Bağlanma hastalığının tedavisine önce kişinin aile hikâyesi ve bireysel hayat hikâyesini uzun uzun alarak başlıyoruz. Daha sonra çiftin cinsel öyküsünü alıyoruz ve çifte adım adım ilerleyen ev ödevleri veriyoruz. Ev ödevlerini yapmadan önce çift ideal ortamı yaratıyor. Daha sona nefes ve gevşeme egzersizleriyle kişiler bedenen ve ruhen rahatlatıyor, gevşiyor. Ardından dokunma ve okşama egzersizleriyle çiftin birbirini yeniden keşfetmelerini, duyulara ve dokunmaya odaklanmalarını sağlıyoruz. Daha sonra erkeğin kendi bedeniyle barışması, eşin yanında mastürbasyon, eşin mastürbasyonu, sevişerek boşalma, haremağası tekniğiyle eşli boşalma, ilişkiyle boşalma, sarılıp uyuma, ayna karşısında sevişme, kamera karşısında sevişme, gözler kapalı sevişme, karanlıkta sevişme gibi egzersizlere geçiliyor. Bu süreçte erkeğin centilmence davranmasını, çiftin sosyalleşmesini, çiftin birbirine güzel sözler söylemesini, yeniden sevgili olmasını ve flört etmesi amaçlanıyor.

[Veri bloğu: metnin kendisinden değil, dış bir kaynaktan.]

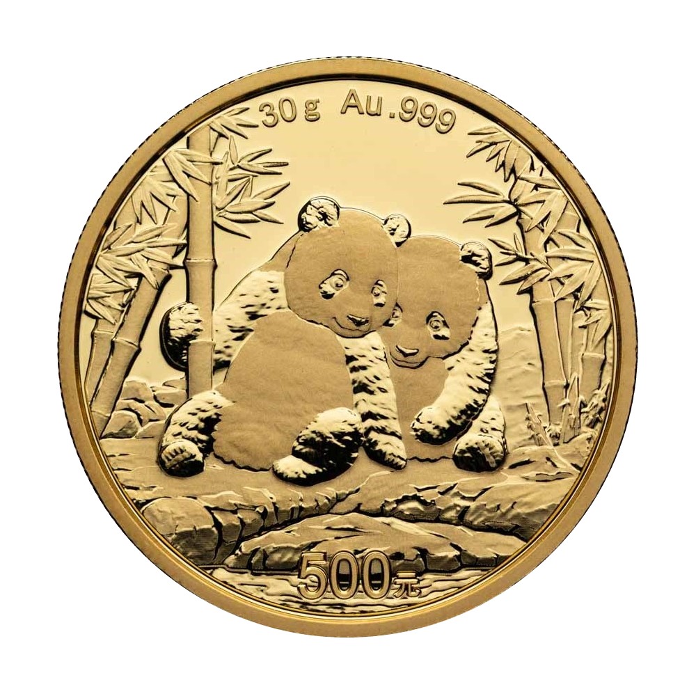 Frappée pour la première fois par la China Gold Coin Corporation, la pièce Panda en or possède une valeur nominale qui varie en fonction de son poids. La Panda de 30 grammes équivaut à 500 yuans.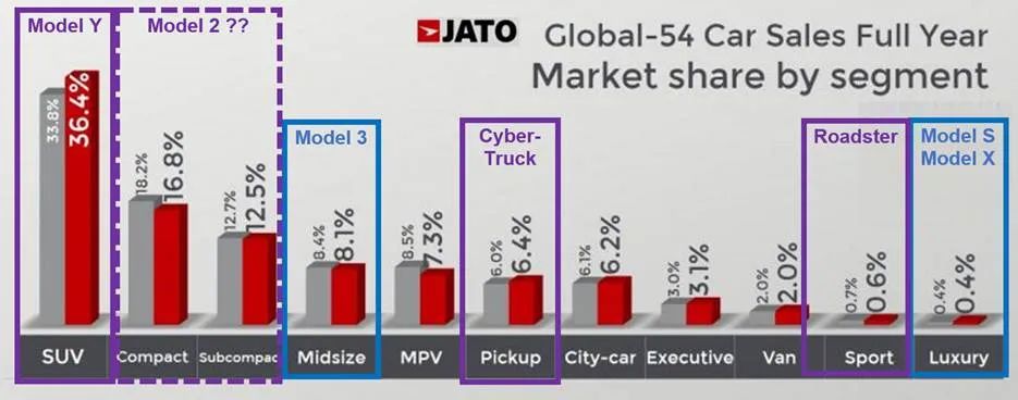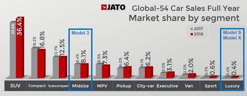 和丰田不同的是,目前特斯拉还处于发展的初期,量产的汽车包括高端汽车的Model S,Model X,中型轿车Model 3。根据JATO提供的全球汽车市场分类来看,高端轿车(0.4%)和中型轿车(8.1%)加起来只占到全球汽车销量的不到9%。
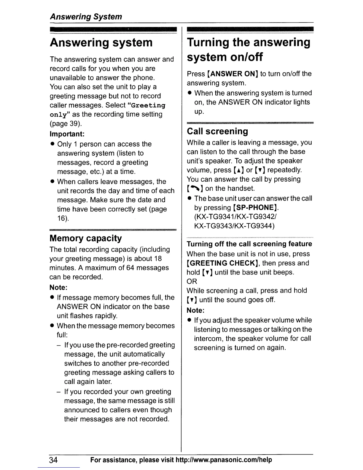 34 For assistance, please visit http://www.panasonic.com/help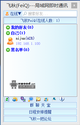 飞秋(FeiQ)是一款局域网聊天传送文件的绿色免费软件,它参考了飞鸽传书(IPMSG)和QQ, 完全兼容飞鸽传书(IPMSG)协议,具有局域网传送方便,速度快,操作简单的优点,具有QQ中最基础的聊天常用功能。

Tedavide, çifte seksin amacı boşalıp rahatlamak olan güzel bir oyun olduğu gerçeğini anlatıyoruz. “Birlikte oyun oynayın. Seks oyunları oynayın. Sonucu düşünmeden süreci yaşayın, tatmin etme baskısından kurtulun. Mevzubahis boşalmaksa gerisi teferruattır” diyoruz. Penis-vajina odaklı olmayan sevişmeyi öğretiyoruz. Çünkü penis çocuk gibidir, üstüne düşerseniz kaçar, onsuz keyif almaya çalışırsanız oyuna girmek ister. Erkeğin kadını kucağına oturttuğu Tantra pozisyonunda ruh ve beden bütünlüğünü sağlamaya çalışıyoruz.